BACKGROUND
[0001] The present disclosure relates to fire suppression systems, and in particular, to
fire extinguisher vessels.
[0002] Aircraft fire suppression systems incorporate pressurized fire extinguisher vessels
containing fire extinguishing agent. The fire extinguisher vessels are installed into
the cargo bay or the engine/APU areas of the aircraft. Current fire suppression systems
on aircraft use Halon as the fire extinguishing agent, and therefore the fire extinguisher
vessels are built to accommodate Halon. Because Halon is a very efficient fire extinguishing
agent, less Halon is required to extinguish a fire than other less efficient fire
extinguishing agents. As a result, current fire extinguisher vessels on aircraft may
not be capable of incorporating sufficient fire extinguishing agents other than Halon.
SUMMARY
[0003] A fire extinguisher vessel includes a hollow body made of stainless steel, a fill
port attached to a first end of the body, a discharge outlet attached to a second
end of the body, a mechanical attachment lug connected to the body between the first
end of the body and the second end of the body, a pressure switch attached to the
body between the mechanical attachment lug and the discharge outlet, and a wrap covering
the body. The wrap is flush with the fill port, the discharge outlet, the mechanical
attachment lug, and the pressure switch.
[0004] A fire extinguisher vessel includes a hollow body made of stainless steel, a fill
port attached to a first end of the body, a discharge outlet attached to a second
end of the body, a mechanical attachment lug attached to the body between the first
end of the body and the second end of the body, a pressure switch attached to the
body between the mechanical attachment lug and the discharge outlet, and a wrap covering
the body. The wrap comprises high strength fiberglass. The fire extinguisher vessel
has an agent fill density of at least about 0.026 pounds per cubic inch.

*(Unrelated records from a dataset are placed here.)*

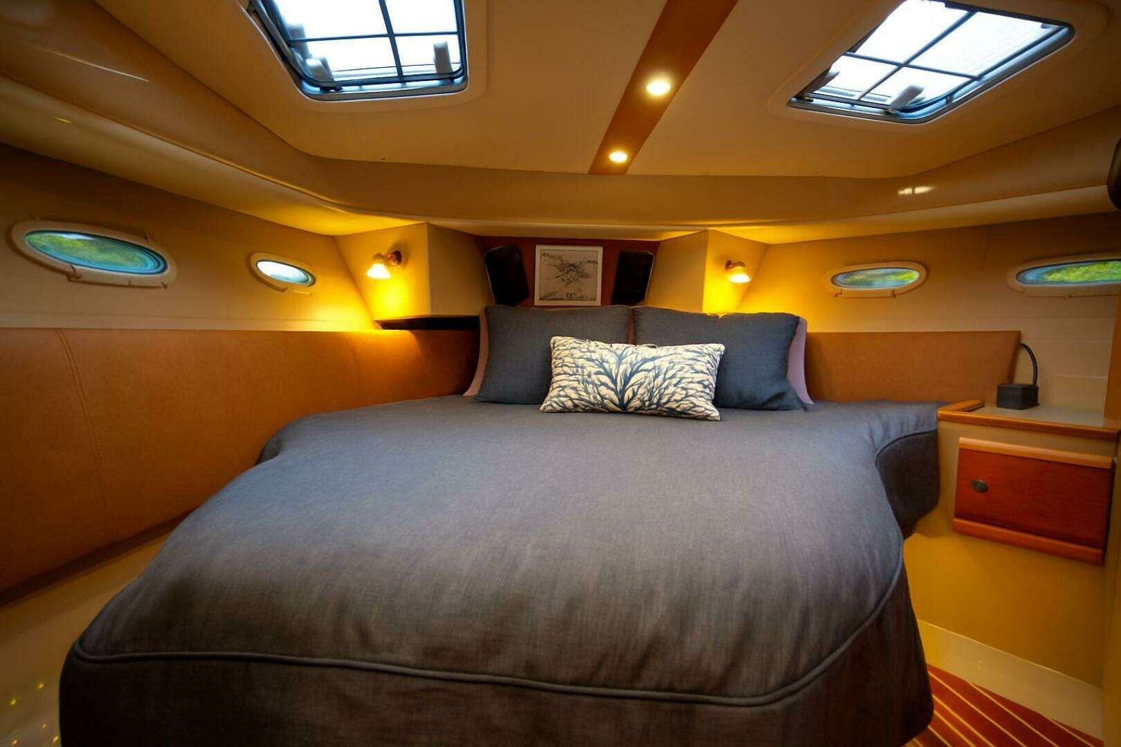 Down below a large berth and clever storage solutions make the primary cabin very comfortable for extended cruising. Custom bedding elevates the space and the ensuite head is well appointed with a separated enclosed shower.
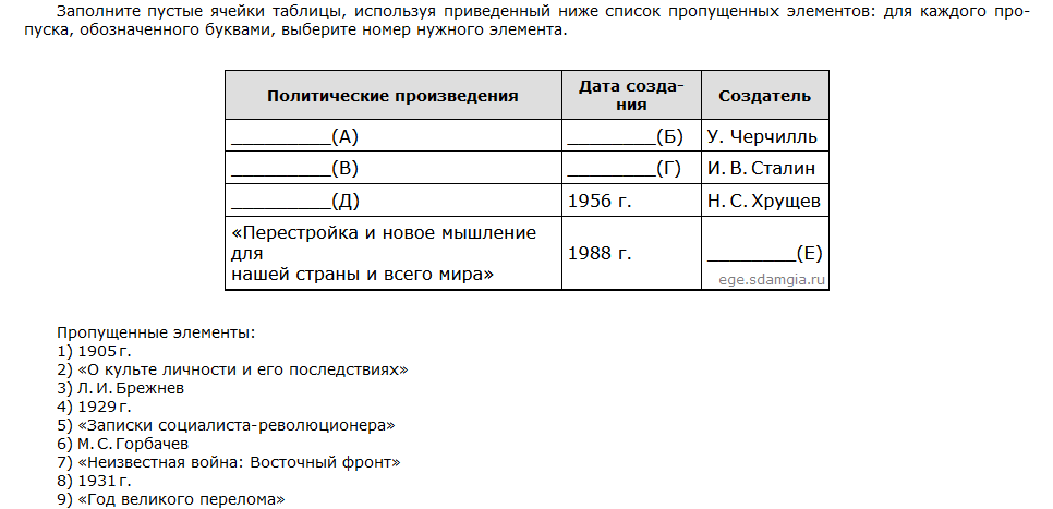 | 1) СЭВ | 2) СССР | 3) ГКЧП | 4) ОВД | 5) СНГ |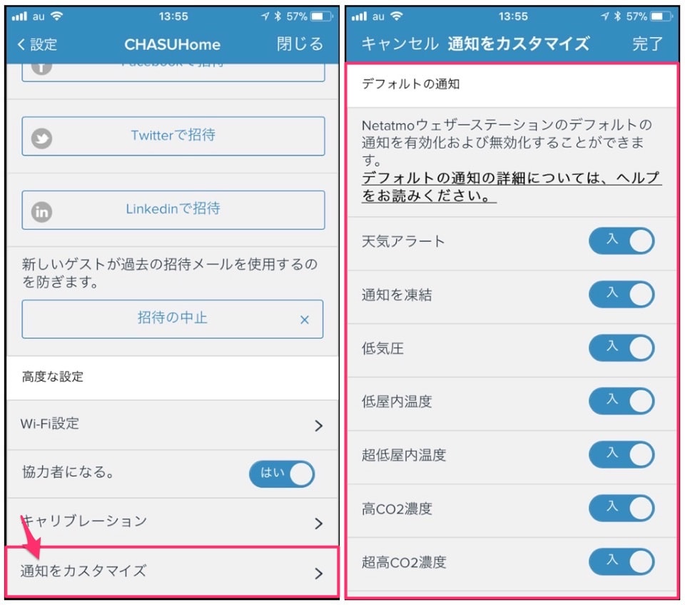 画像右では、NETATMO側の規定数値に基づいたデフォルトのプッシュ通知のオン/オフ設定です。上から2つ目の「通知を凍結」は文言は微妙ですが、凍結通知のことでオンにしておけば外気温が3度以下になると凍結状態を知らせてくれます。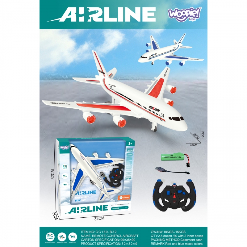 Niebieski Zdalnie Sterowany Samolot Pasażerski AIRLINE pozwoli na wejście na wyższy poziom zabawy w odgrywanie roli pilota. Wykonany z wysokiej jakości materiałów z efektownym biało-czerwonym designem w paski z pewności zapewni niezapomniane doznania podczas zabawy.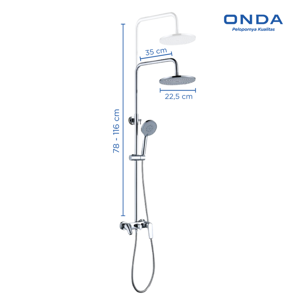 Shower Kamar Mandi Set ONDA Rain 3 in 1 R-FRES Shower Tiang Komplit Kran Panas Dingin Anti Bocor Onda Stainless Terlaris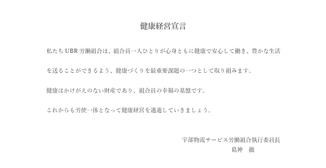 この宣言のもと、UBRは健康風土の醸成を図っていきます。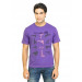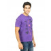 Purple round neck T-shirt made of 100% cotton, has short sleeves, flock and rubber print with embroidery on the chest, and brand tag on the left sleeve and hem

[0005] A method of retrofitting a fire extinguisher vessel includes removing a fire extinguisher
vessel from a location on an aircraft. The fire extinguisher vessel includes a hollow
body made of stainless steel, a fill port attached to a first end of the body, a discharge
outlet attached to a second end of the body, a mechanical attachment lug attached
to the body between the first end of the body and the second end of the body, and
a pressure switch attached to the body between the mechanical attachment lug and the
discharge outlet. The method further includes wrapping a high strength fiberglass
wrap around the body and reinstalling the fire extinguisher vessel into the location
on the aircraft.
BRIEF DESCRIPTION OF THE DRAWINGS
[0006] FIG. 1 is an isometric view of a fire extinguisher vessel.
DETAILED DESCRIPTION
[0007] In general, the present disclosure describes a fire extinguisher vessel for an aircraft
that has been retrofitted with a wrap comprising high strength fiberglass, such as
carbon fiber nano-tube, in order to increase the agent fill density of the fire extinguisher
vessel such that the fire extinguisher vessel is capable of containing a higher volume
of fire extinguishing agent. The wrap surrounds the appendages of the fire extinguisher
vessel such that the wrap is flush with the appendages. The retrofitted vessel is
capable of being reinstalled in the same place on the aircraft from which it was removed
prior to being fitted with the wrap.
[0008] FIG. 1 is an isometric view of fire extinguisher vessel 10. Fire extinguisher vessel
10 includes body 12, fill port 14, discharge outlets 16, mechanical attachment lugs
18, pressure switch 20, and wrap 22.
[0009] Fire extinguisher vessel 10 has hollow spherical body 12. Body 12 is a stainless
steel container. Body 12 may be made of a nitrogen strengthened stainless steel alloy
such as Nitronic 40, or any other suitable stainless steel. In alternate embodiments,
body 12 may be an elongated sphere, cylinder with rounded edges, or any other suitable
shape. Fill port 14 is attached to an exterior surface of body 12 at a first end of
body 12. Discharge outlets 16 are attached to the exterior surface of body 12 at a
second end of body 12. In this embodiment, fire extinguisher vessel 10 has three discharge
outlets 16. In alternate embodiments, fire extinguisher vessel 10 may have more or
less than three discharge outlets 16. Mechanical attachment lugs 18 are connected
to the exterior surface body 12 between the first end of body 12 and the second end
of body 12. Mechanical attachment lugs 18 are spaced from one another along a circumference
of body 12. In this embodiment, fire extinguisher vessel 10 includes three mechanical
attachment lugs 18. In alternate embodiments, fire extinguisher vessel 10 may have
more or less than three mechanical attachment lugs 18. Mechanical attachment lugs
18 may be U-channel lugs or any other suitable mechanical attachment lugs. Pressure
switch 20 is attached to the exterior surface of body 12 between discharge outlets
16 and mechanical attachment lugs 18.
[0010] Wrap 22 is positioned on the exterior surface of body 12 such that it covers the
exterior surface of body 12. Wrap 22 is flush with fill port 14, discharge outlets
16, mechanical attachment lugs 18, and pressure switch 20. As such, wrap 22 completely
surrounds fill port 14, discharge outlets 16, mechanical attachment lugs 18, and pressure
switch 20 with no spaces existing between wrap 22 and a base of fill port 14, wrap
22 and bases of discharge outlets 16, wrap 22 and bases of mechanical attachment lugs
18, or wrap 22 and a base of pressure switch 20. Wrap 22 is made up of a high strength
fiberglass material such as carbon fiber nano-tubes or carbon fiber reinforced fiberglass.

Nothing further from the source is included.